Mendes PDTT Abdul Halim Iskandar (kanan) bertemu Bupati Jepara Dian Kristiandi di Pendopo Kabupaten Jepara, Jawa Tengah, Kamis (16/9/2021). ANTARA/HO-Kemendes PDTT.

Yang pasti bahwa kita ingin apa yang menjadi target Presiden tahun 2024 agar Indonesia terbebas dari kemiskinan secara ekstrem, bahasa beliau nol persen, itu penyelesaiannya cuma satu pintunya, yakni level desa
Jakarta (ANTARA) - Menteri Desa, Pembangunan Daerah Tertinggal, dan Transmigrasi (Mendes PDTT) Abdul Halim Iskandar menyampaikan penanganan kemiskinan secara nasional akan menjadi lebih mudah jika dimulai dari tingkat desa.

"Yang pasti bahwa kita ingin apa yang menjadi target Presiden tahun 2024 agar Indonesia terbebas dari kemiskinan secara ekstrem, bahasa beliau nol persen, itu penyelesaiannya cuma satu pintunya, yakni level desa," katanya dalam keterangan tertulis yang diterima di Jakarta, Kamis.

Menurutnya desa merupakan basis mikro yang lebih mudah untuk dipetakan permasalahan dan penyelesaiannya.

"Karena kalau penanganan apapun, kalau basisnya mikro akan lebih mudah dipetakan karena levelnya kecil. Dan kalau ada masalah lebih mudah di treatment," kata Gus Halim, demikian ia biasa disapa saat menemui Bupati Jepara, Jawa Tengah, Dian Kristiandi, Kamis (16/9).

Dalam kesempatan itu, ia mengapresiasi keberhasilan Kabupaten Jepara dalam mengatasi kemiskinan.

Keberhasilan tersebut dilihat dari angka kemiskinan yang turun melebihi target Rencana Pembangunan Jangka Menengah Daerah (RPJMD).

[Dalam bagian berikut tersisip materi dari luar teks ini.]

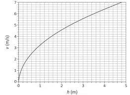 19. (Fuvest 2018) Ondas na superfície de líquidos têm velocidades que dependem da profundidade do líquido e da aceleração da gravidade, desde que se propaguem em águas rasas. O gráfico representa o módulo v da velocidade da onda em função da profundidade h da água.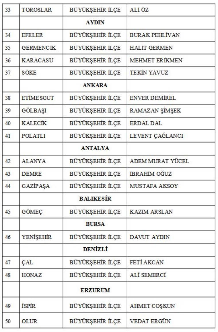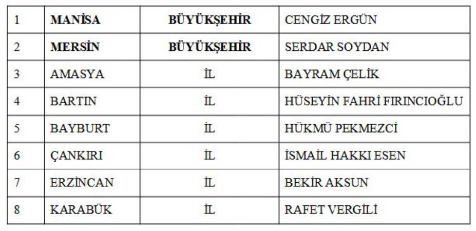 Buna göre partinin Mersin Büyükşehir Belediye Başkanı adayı Serdar Soydan olurken, Manisa Büyükşehir Belediye Başkan adayı ise Cengiz Ergün olarak belirlendi.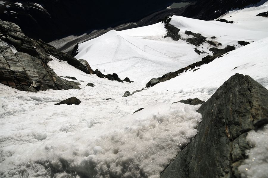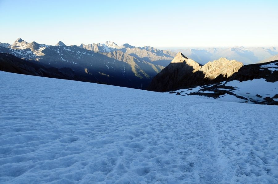 Blick zurück. Der Weg ist immer gut zu sehen. Von Gletscherspalten ist nichts zu sehen.

Adapun kemiskinan di Kabupaten Jepara, kata dia, berhasil turun menjadi 6,06 persen pada 2019, melebihi target RPJMD Kabupaten Jepara tahun 2022 sebesar delapan persen.

Namun, pada tahun 2020 angka kemiskinan di Kabupaten Jepara kembali naik menjadi mo MVrsen karena dampak dari pandemi COVID-19.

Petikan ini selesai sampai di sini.